Set down exactly the lines that run from the one containing "精益电器是一家大型电气制造企" to the end of the material below, both included, without pictures.
——
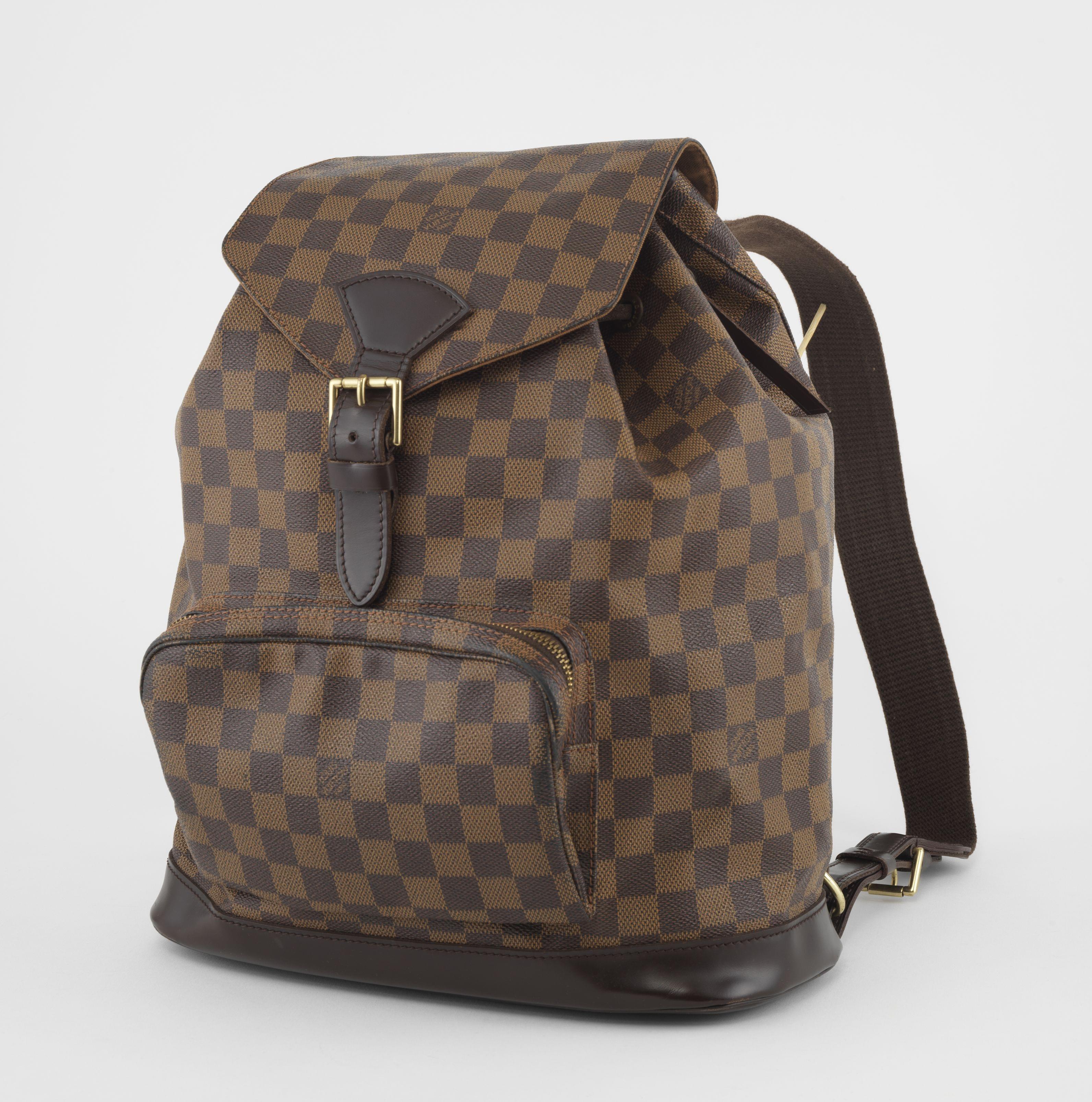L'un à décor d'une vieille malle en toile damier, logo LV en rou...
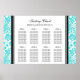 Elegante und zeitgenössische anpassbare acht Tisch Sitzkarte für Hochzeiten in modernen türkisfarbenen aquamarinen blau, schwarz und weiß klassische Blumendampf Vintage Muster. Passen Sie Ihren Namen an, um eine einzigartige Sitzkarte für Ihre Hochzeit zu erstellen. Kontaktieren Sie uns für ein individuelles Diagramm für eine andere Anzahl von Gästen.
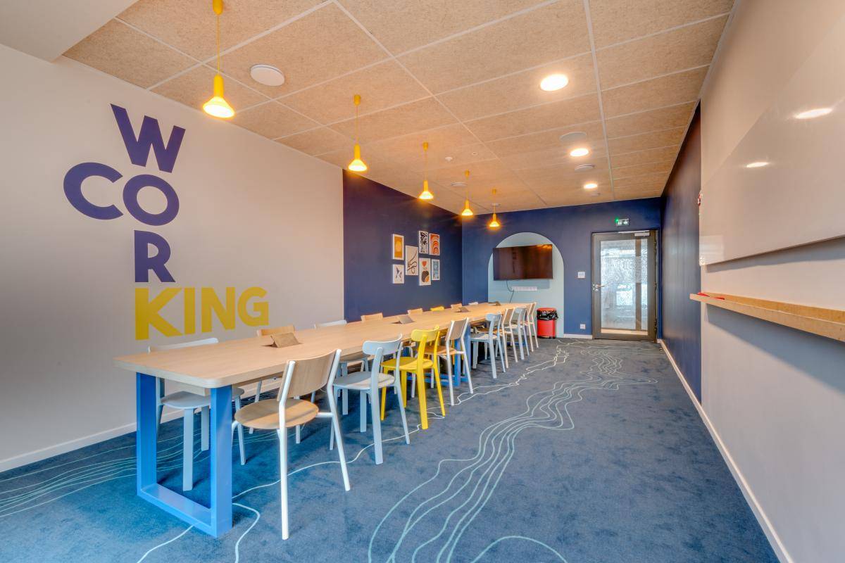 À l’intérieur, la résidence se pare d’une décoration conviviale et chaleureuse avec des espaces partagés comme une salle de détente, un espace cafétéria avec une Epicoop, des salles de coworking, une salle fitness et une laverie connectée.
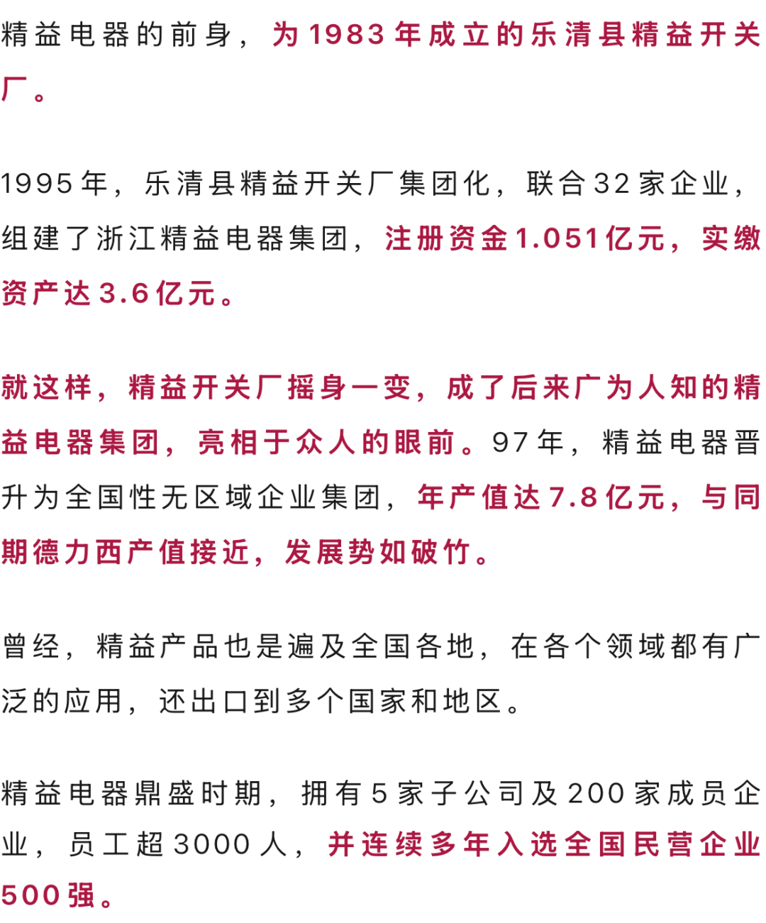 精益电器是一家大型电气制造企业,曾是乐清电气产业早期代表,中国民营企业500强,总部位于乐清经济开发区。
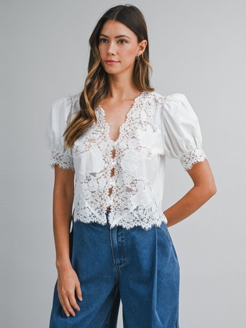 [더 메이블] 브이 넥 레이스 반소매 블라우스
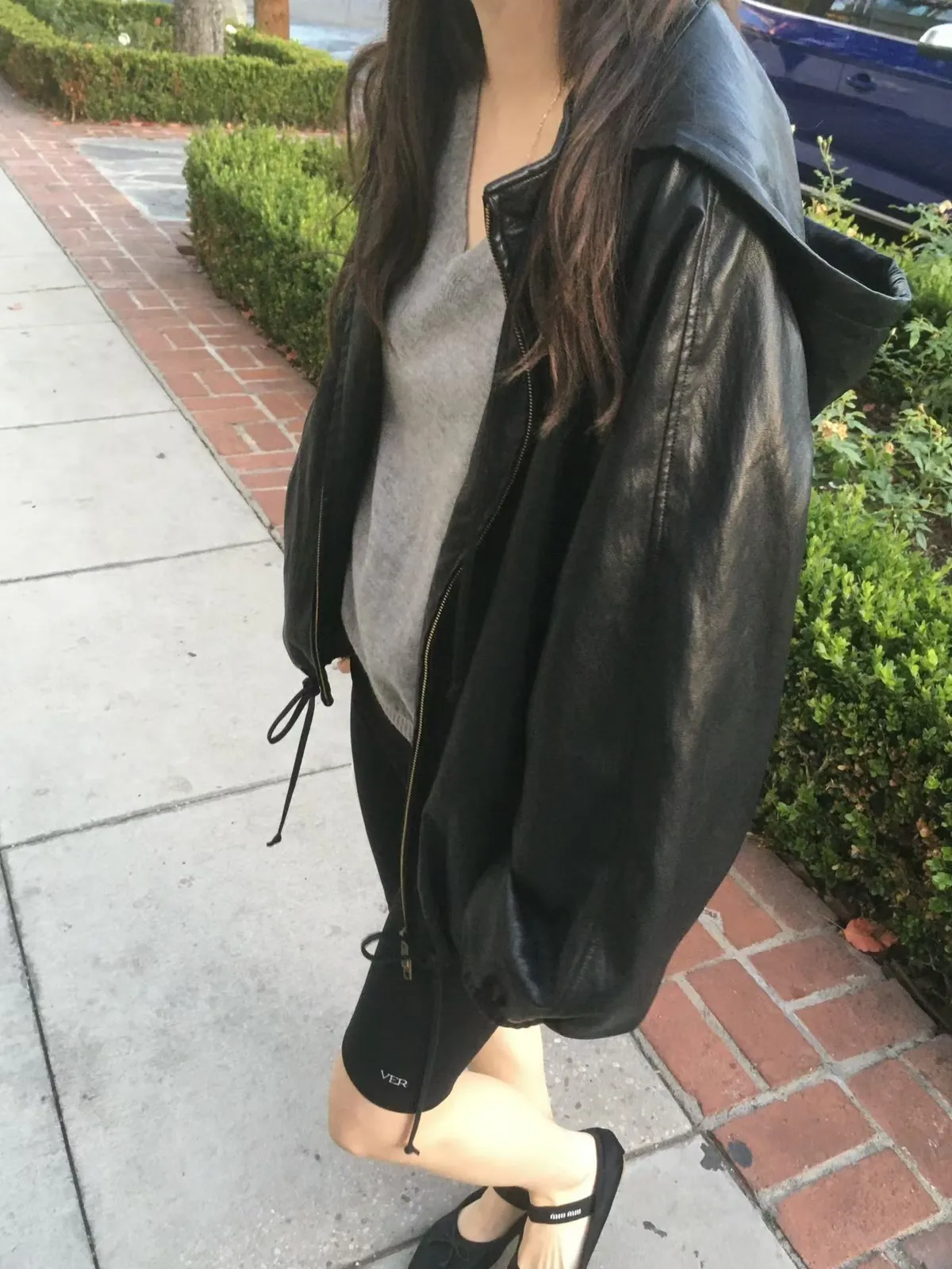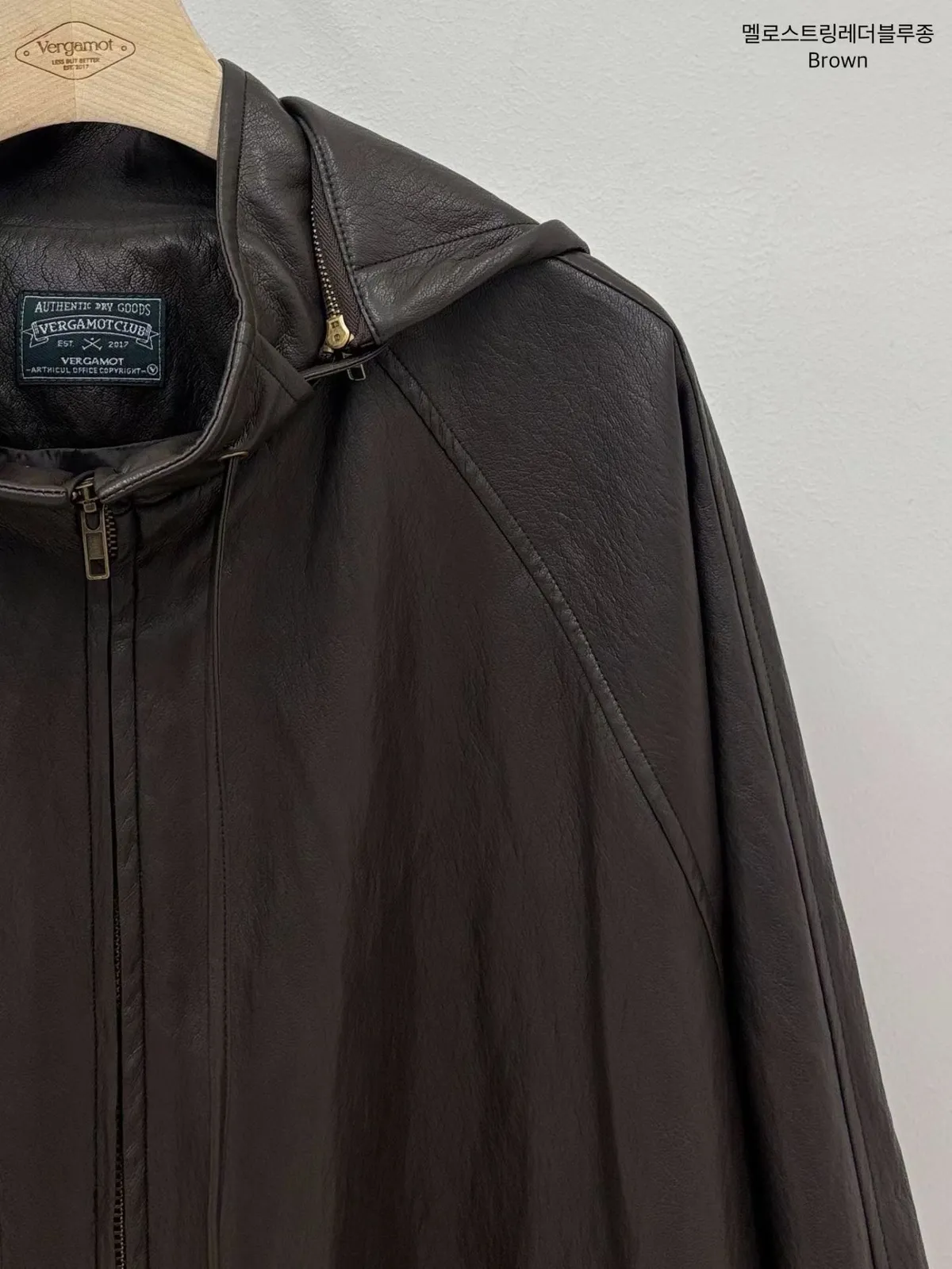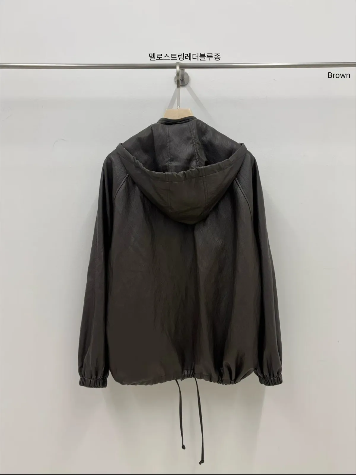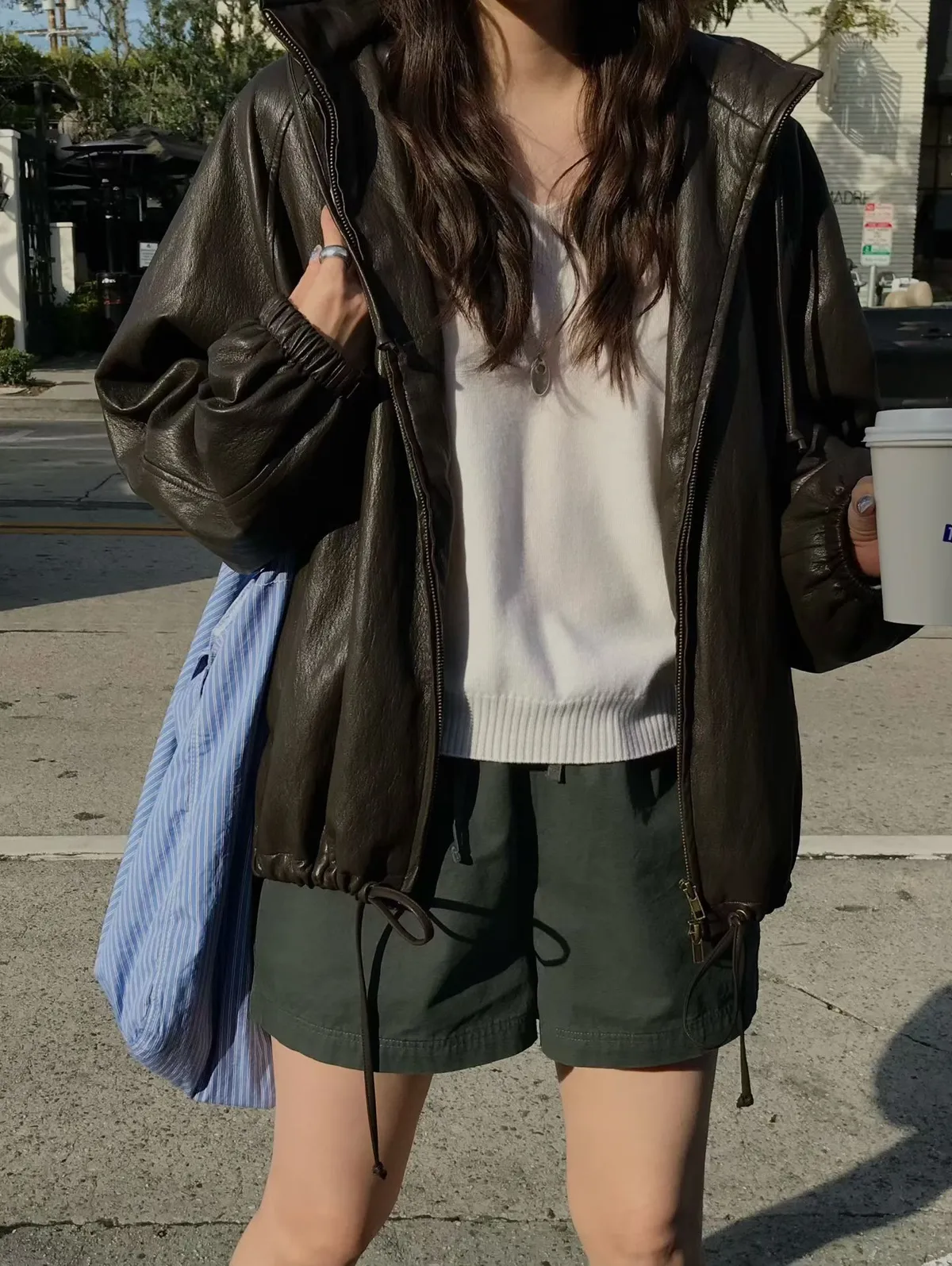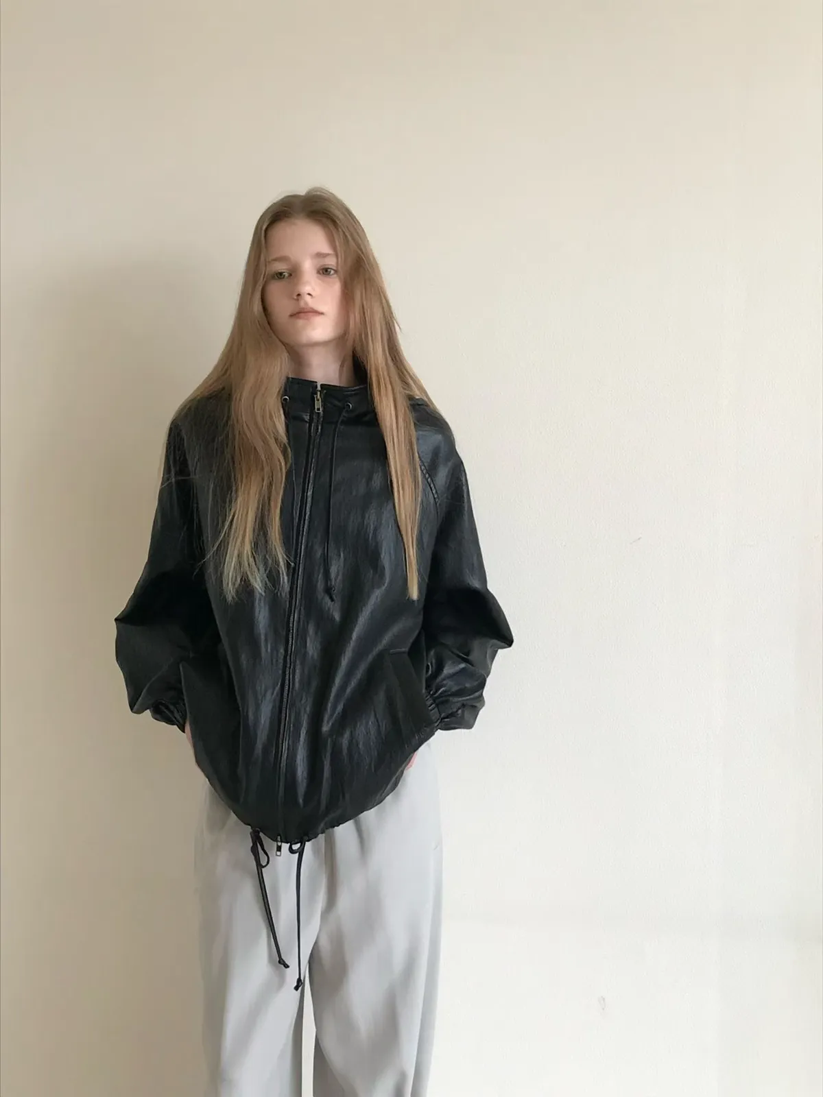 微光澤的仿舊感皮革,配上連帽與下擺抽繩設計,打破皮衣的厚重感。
——
Solution to this task:
 精益电器是一家大型电气制造企业,曾是乐清电气产业早期代表,中国民营企业500强,总部位于乐清经济开发区。
 [더 메이블] 브이 넥 레이스 반소매 블라우스
 微光澤的仿舊感皮革,配上連帽與下擺抽繩設計,打破皮衣的厚重感。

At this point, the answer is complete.